Assignment
Where in the entries below does "Jaguars" appear? Copy every line that has it.

Raw data
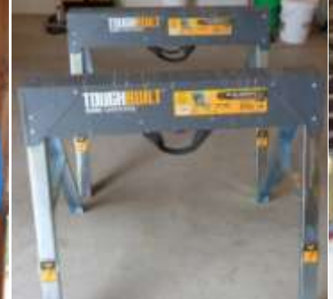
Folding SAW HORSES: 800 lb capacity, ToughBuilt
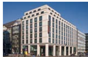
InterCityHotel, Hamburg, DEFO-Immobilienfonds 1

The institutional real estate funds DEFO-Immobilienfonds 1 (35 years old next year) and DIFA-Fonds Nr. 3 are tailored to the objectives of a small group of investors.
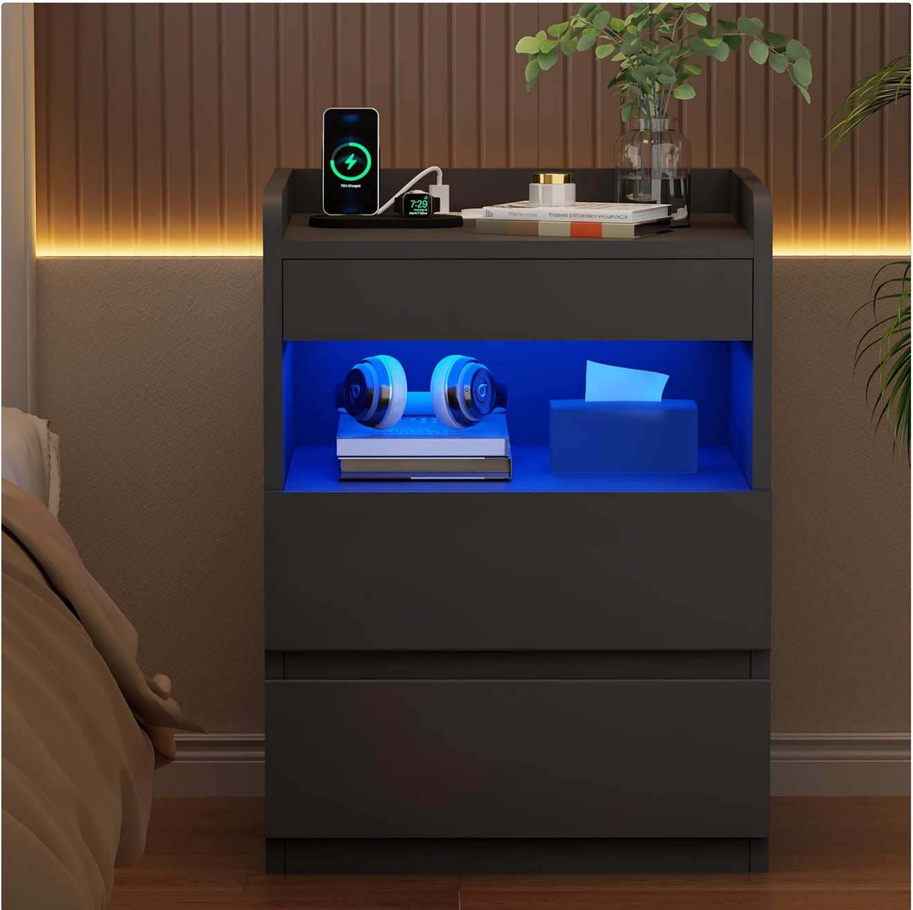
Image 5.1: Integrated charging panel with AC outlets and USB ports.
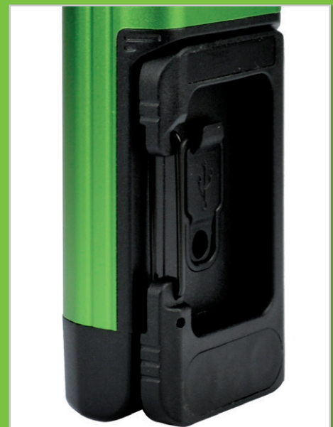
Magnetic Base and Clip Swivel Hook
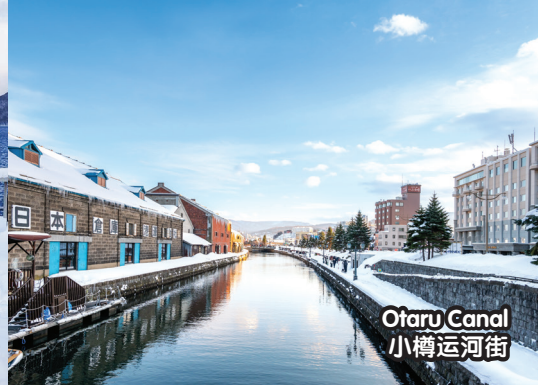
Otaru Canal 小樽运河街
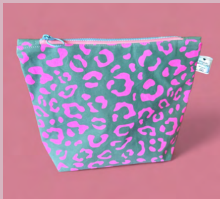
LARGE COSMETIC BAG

--

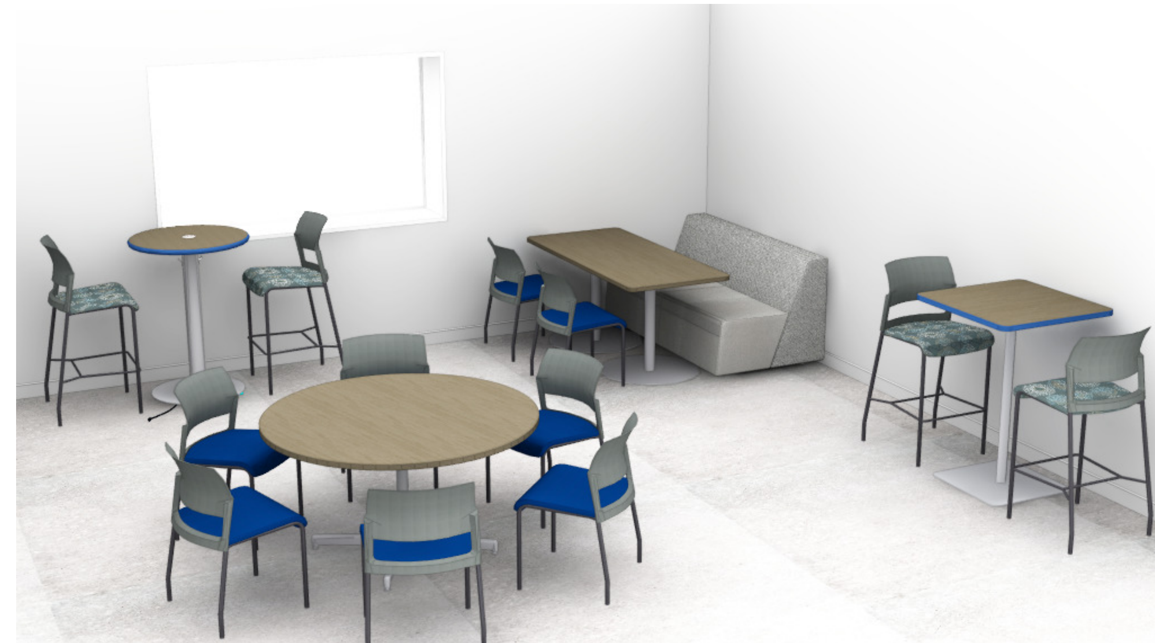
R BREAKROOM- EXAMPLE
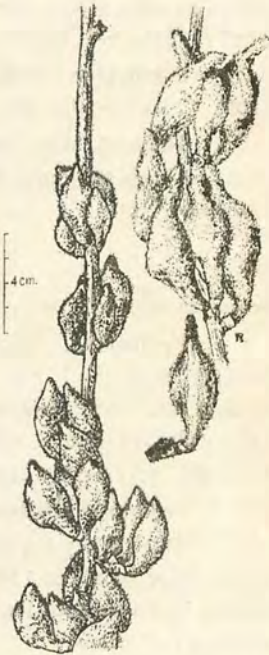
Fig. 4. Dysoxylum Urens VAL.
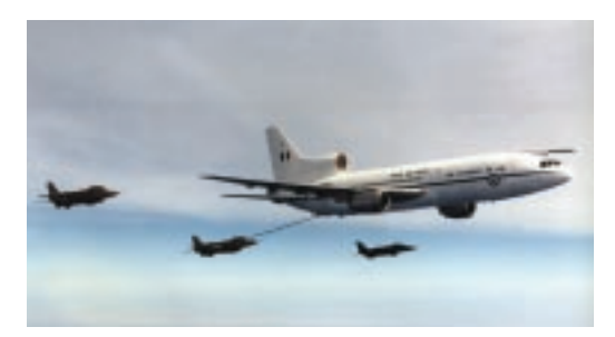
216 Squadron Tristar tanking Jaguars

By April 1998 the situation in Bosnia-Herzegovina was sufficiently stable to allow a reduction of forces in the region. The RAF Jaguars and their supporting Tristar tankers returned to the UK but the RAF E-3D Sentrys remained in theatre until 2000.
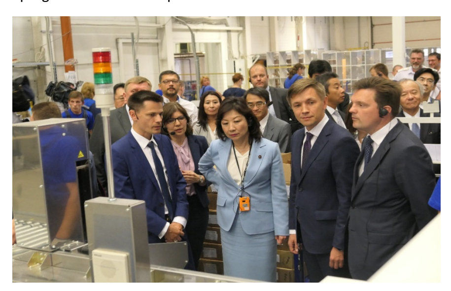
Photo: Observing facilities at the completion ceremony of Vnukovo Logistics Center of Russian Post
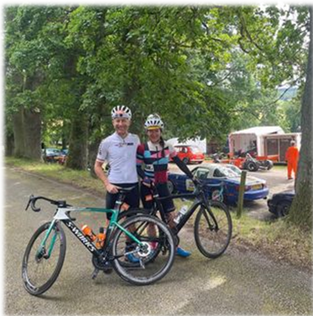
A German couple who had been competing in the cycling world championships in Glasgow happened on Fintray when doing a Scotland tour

---

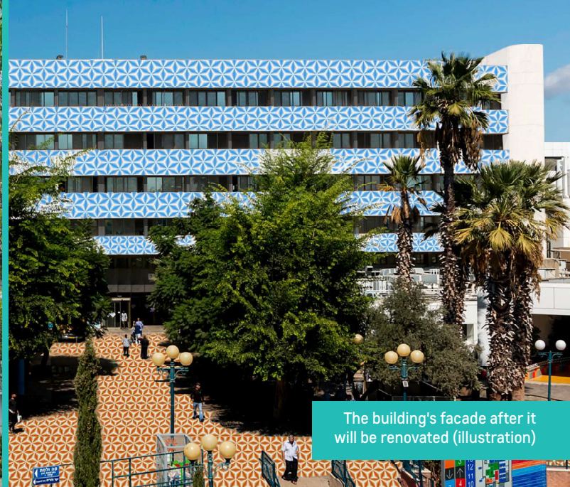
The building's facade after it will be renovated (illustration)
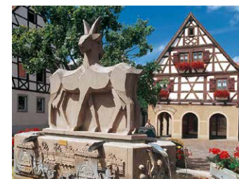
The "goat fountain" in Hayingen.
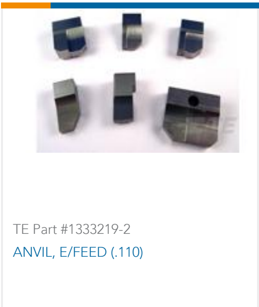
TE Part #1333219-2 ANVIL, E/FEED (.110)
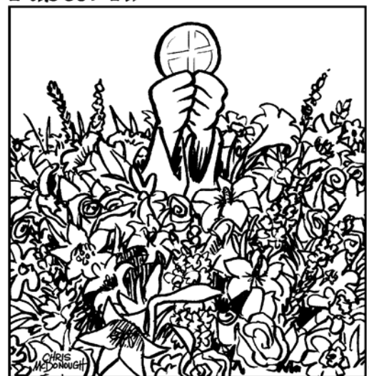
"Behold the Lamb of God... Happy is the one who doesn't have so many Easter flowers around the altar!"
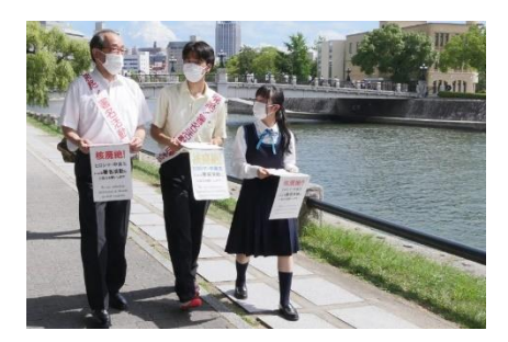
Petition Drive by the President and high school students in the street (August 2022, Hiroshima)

Output for this task
216 Squadron Tristar tanking Jaguars
By April 1998 the situation in Bosnia-Herzegovina was sufficiently stable to allow a reduction of forces in the region. The RAF Jaguars and their supporting Tristar tankers returned to the UK but the RAF E-3D Sentrys remained in theatre until 2000.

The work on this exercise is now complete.